— INFORMATION PROVIDED —
....

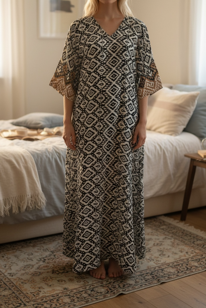 Ladies Black Flower Print V Neck Gown
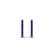 Accent Stone Types: Accent stone choices for the Fine Huggie Hoops are White Diamond, Blue Sapphire, Pink Sapphire, Green Emerald, Red Ruby, and Black Diamond.
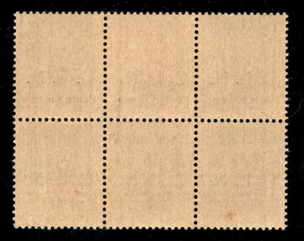 1945 - 20 cent (3 + 3ba + due 3bb) - blocco di 6 con C punto piccolo in basso a sinistra + L punto piccolo nella coppia centrale - gomma integra

....

— EXERCISE INSTRUCTIONS —
Return only the lines from the start of the data through the line that contains "Accent Stone Types: Accent", please, copying them exactly and omitting all pictures.

— SOLUTION —
 Ladies Black Flower Print V Neck Gown
 Accent Stone Types: Accent stone choices for the Fine Huggie Hoops are White Diamond, Blue Sapphire, Pink Sapphire, Green Emerald, Red Ruby, and Black Diamond.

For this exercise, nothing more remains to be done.